The younger Mr. Kreindler went on to write a three-volume treatise, “Aviation Accident Law” (Matthew Bender 1971), and frequent articles explaining developments in the area. He was active in trial lawyers’ organizations and served as the chairman of several committees devoted to aviation law.
He graduated from Dartmouth College and Harvard Law School and served in the Army in World War II.
Fifty years after the Elizabeth disaster and two weeks before the Sept. 11 attacks, Mr. Kreindler took stock of airline and airport security in a New York Law Journal column following precautions instituted in the wake of the Lockerbie bombing, primarily involving barring unaccompanied baggage.
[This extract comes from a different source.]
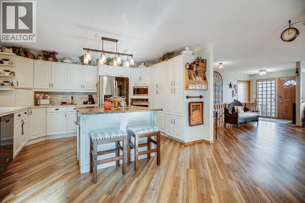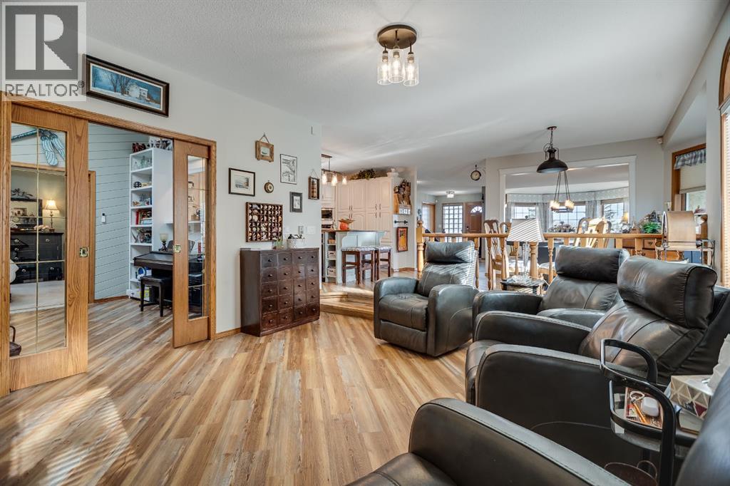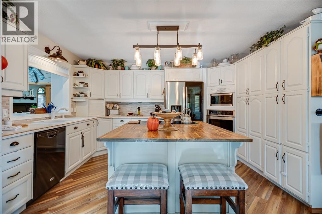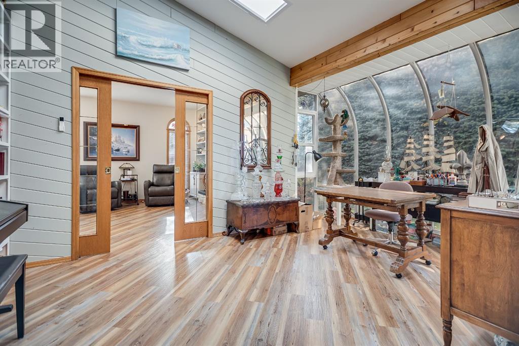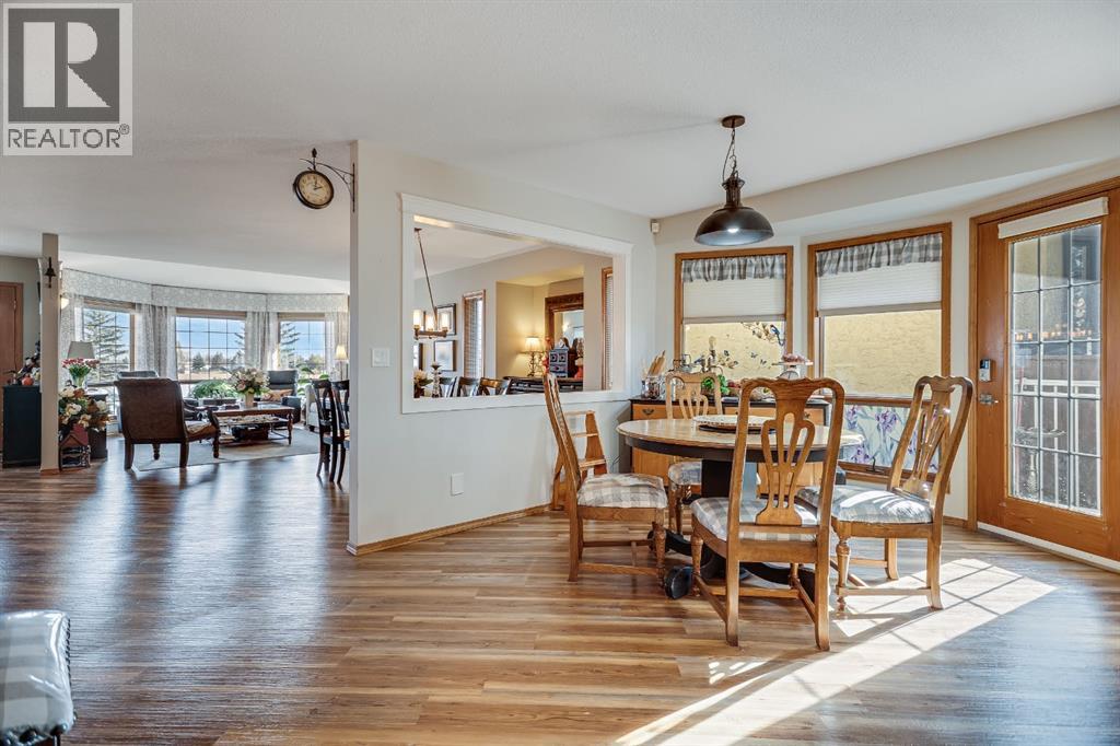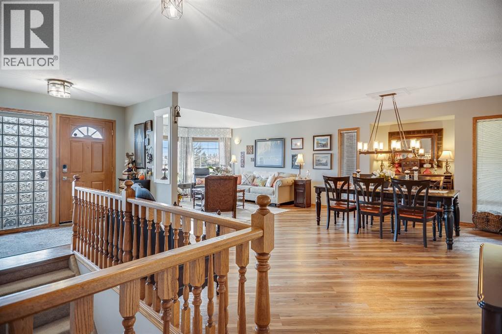 Experience the finest in living with this exceptional, fully finished 2367 sq ft bungalow across the street from Emerson Lake. Immaculately maintained and recently upgraded, this home boasts high-quality finishes, spacious, bright rooms, and a unique, welcoming layout you'll love.The main floor is an entertainer's delight, offering an open-concept living area, a formal dining room, and a cozy family room with a gas fireplace. It features a fantastic sunroom with a curved wall of windows and electric-shade-equipped skylights, plus a functional kitchen with a nook, updated appliances, and plenty of storage.The luxurious master suite is a true retreat with two exits, a walk-in closet, and a newly renovated 6-piece ensuite featuring a spacious glass shower and soaker tub. Two additional bedrooms (one an ideal office) and a dedicated laundry room complete the main level, all updated with new vinyl plank flooring, updated fixtures, and modern hardware.The fully finished basement expands your living space with a huge games room (pool table included!), a bedroom, an office, and a massive workshop/storage area with the comfort of in-floor heating.Outside, you'll find a private, west-facing backyard oasis. Surrounded by a wall of mature spruce trees, the patio offers incredible privacy. It features three water features, landscaping, fruit trees, and a timed irrigation system. Practical extras include a super-sized double attached garage, air conditioning (new furnace/AC), two new hot water tanks, and a concrete tile roof. (id:53676)

“One must conclude,” he wrote, “that terrorist incidents will be fewer and will be far less likely to succeed than before Lockerbie.”
He was an early advocate of the theory that T.W.A. Flight 800, which exploded and crashed into the ocean off Long Island in 1996, was brought down by mechanical failure. Mr. Kreindler represented the families of more than 50 of those who died in the crash.
He explained the differences between the two disasters to his law school’s alumni magazine.
“The Lockerbie bomb brought Pan Am 103 down because it exploded at 32,000 feet in high winds,” he sad. “It punched a small hole in the fuselage, and that permitted the winds to tear the structure apart. T.W.A. 800 exploded at 13,700 feet in calm weather. It would have taken a huge bomb to bring that plane down, and the larger the bomb, the more difficult it is to smuggle onto a plane.”
In 1996, not long after Congress enacted antiterrorism legislation allowing suits against nations that sponsor terrorism, he sued the government of Libya for its involvement in the Lockerbie crash. Libya recently offered to settle the case and other claims for $2.7 billion. The proposed settlement has been delayed by wrangling over how much responsibility Libya will acknowledge.
Mr. Kreindler and his firm also represented the families of many victims of the 9/11 attacks. He was a critic of the compensation fund created by Congress and of Kenneth R. Feinberg, the fund’s special master.
In an article in The New York Law Journal in January 2002, he cautioned Mr. Feinberg, based on his experiences, about “the rage that disaster victims feel when they think they are not being treated fairly.”
Mr. Kreindler flew a great deal, and it bothered him not at all.
“I’m a very relaxed passenger,” he said. “It’s extremely safe. An accident only happens when there is an extraordinary
coincidence of a number of things going wrong.”